Richard Klementovich, an off-duty Clifton, N.J., police officer, is being held in the Bucks County Prison and faces dozens of charges in connection with the Father's Day shooting.

Doylestown Borough's police SUV was struck during the 10-hour standoff at 25 Bittersweet Drive. Doylestown Township's police cruiser was riddled with about 50 shots, which blew out windows, punched into seats, and turned the doors into swiss cheese.

Both departments still are waiting for final determination from their insurance companies, but it doesn't look like either car will be back on the road.

The damage to the borough's SUV looks minor from the outside, but the vehicle sustained significant damage, Borough Police Chief Jim Donnelly said Thursday.

"It was shot through the engine block and the computer," Donnelly said of the vehicle that carried two of his officers to scene Sunday, where they were shot upon. "It’s probably going to be totaled."

One of those officers, Cpl. William Doucette, was injured when a bullet struck a street curb and kicked up debris which struck him in the face. Earlier this week, Lt. Pat Penecale said Doucette was recovering well and was expected back at work within a few days.

Doylestown Township's police car took heavy fire and also is expected to be totaled.

On Thursday, Township Police Lt. Matt O'Connor said they were awaiting word from their insurers.
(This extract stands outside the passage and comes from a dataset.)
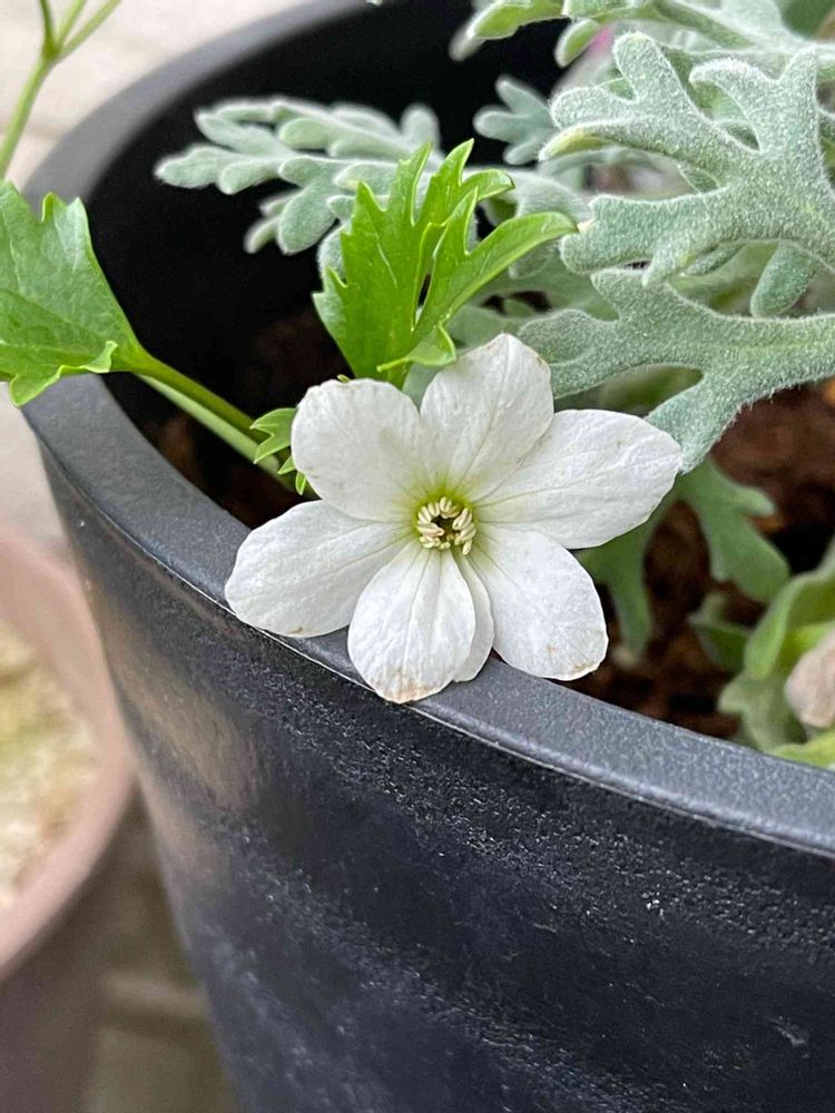 一輪だけプラーンとしてたので、隣のフランネルフラワー の縁をちょっと拝借。

"The insurance company will make the final determination," O'Connor said.

"I imagine it will be totalled," township supervisors' chairman Barbara Lyons said. "I can't imagine that it wouldn't be."

The third police vehicle damaged in the shooting was the Bearcat, an armored vehicle that belongs to the Central Bucks Emergency Response Team, more commonly known as SWAT.
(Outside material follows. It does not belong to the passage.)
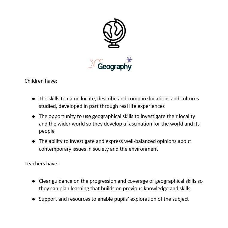 Children are encouraged to develop an awareness and knowledge of their local area, the wider world and their place in it. Children will develop their skills and understanding through key concepts. Throughout their geographical journey, the children will explore and apply the knowledge categories in each unit. We aim to inspire children with curiosity to discover the world and that they are accepting of all other cultures. We want to enable children to know about the location of the world’s continents, countries, cities, seas and oceans. Children will develop their skills by interpreting a range of sources and communicate their learning through a variety of methods. Children will understand how the human and physical features of a place shapes its location and how it can change over time. Furthermore, we want children to be inquisitive and develop a love for learning about the world around them.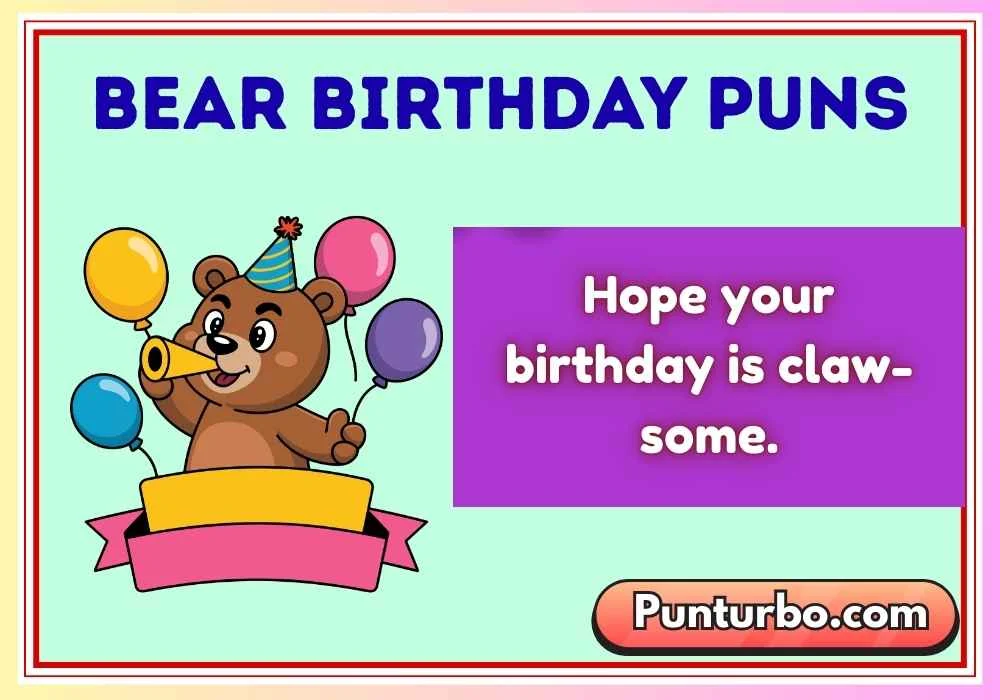Bear birthday puns are funny wordplays that combine bear-related words with birthday jokes to create humorous messages for cards, captions, or social posts.

A tire and the camera on the vehicle were shot out on Sunday, but the vehicle likely can be repaired and put back in service, Donnelly said. The Bearcat will be towed up to Massachusetts so its maker can put it through some tests, he said.

"The Bearcat has to go to Massachusetts to get re-certified, so they can say that it’s viable," Donnelly said, adding "That'll probably take about two days."